Source material -
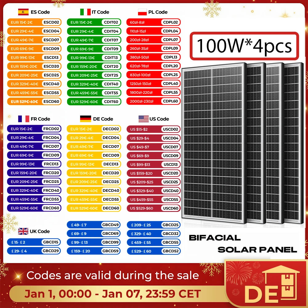 Rvpozwer 400W 12V Double Sided Monocrystalline Solar Panel
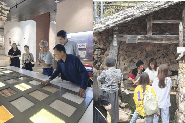 泽雅作为温州传统手工造纸的发源地之一,拥有丰富的文化遗产和悠久的造纸历史。师生首先参观了“泽雅传统造纸专题展示馆”,该馆改建自唐宅村红旗大礼堂。展馆通过多媒体形式将造纸生产过程的关键流程形成知识点,配套室外的造纸体验园区打造全方位文化体验场景,是反应温州传统造纸技艺的重要窗口。
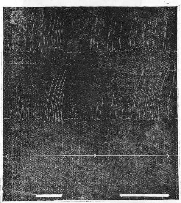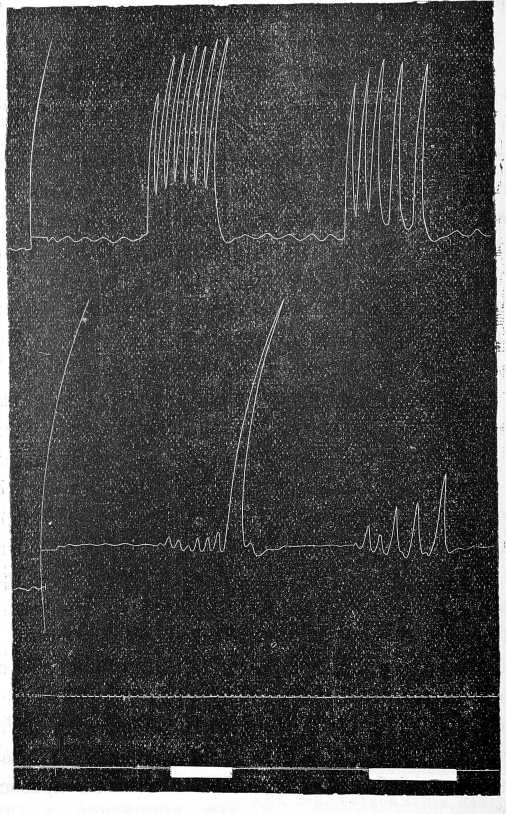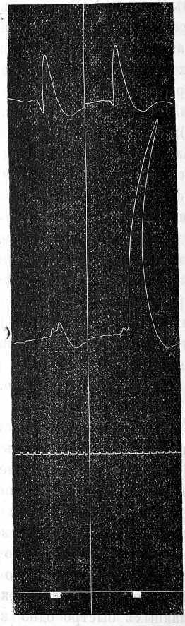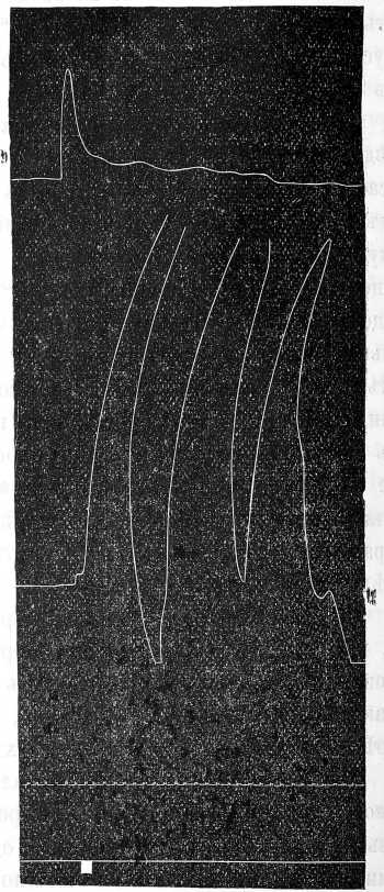 24 Въ опытѣ, изъ котораго заимствованъ рис. 18-й, перо отмѣтчика раздраженія оказалось, по недосмотру, впереди другихъ перьевъ; поэтому отмѣтка раздраженія на этомъ рис. сдвинута вправо.

Description of the task - No image belongs in the copy. Transcribe the full listing verbatim.

Solution to this task -
 Rvpozwer 400W 12V Double Sided Monocrystalline Solar Panel
 泽雅作为温州传统手工造纸的发源地之一,拥有丰富的文化遗产和悠久的造纸历史。师生首先参观了“泽雅传统造纸专题展示馆”,该馆改建自唐宅村红旗大礼堂。展馆通过多媒体形式将造纸生产过程的关键流程形成知识点,配套室外的造纸体验园区打造全方位文化体验场景,是反应温州传统造纸技艺的重要窗口。
 24 Въ опытѣ, изъ котораго заимствованъ рис. 18-й, перо отмѣтчика раздраженія оказалось, по недосмотру, впереди другихъ перьевъ; поэтому отмѣтка раздраженія на этомъ рис. сдвинута вправо.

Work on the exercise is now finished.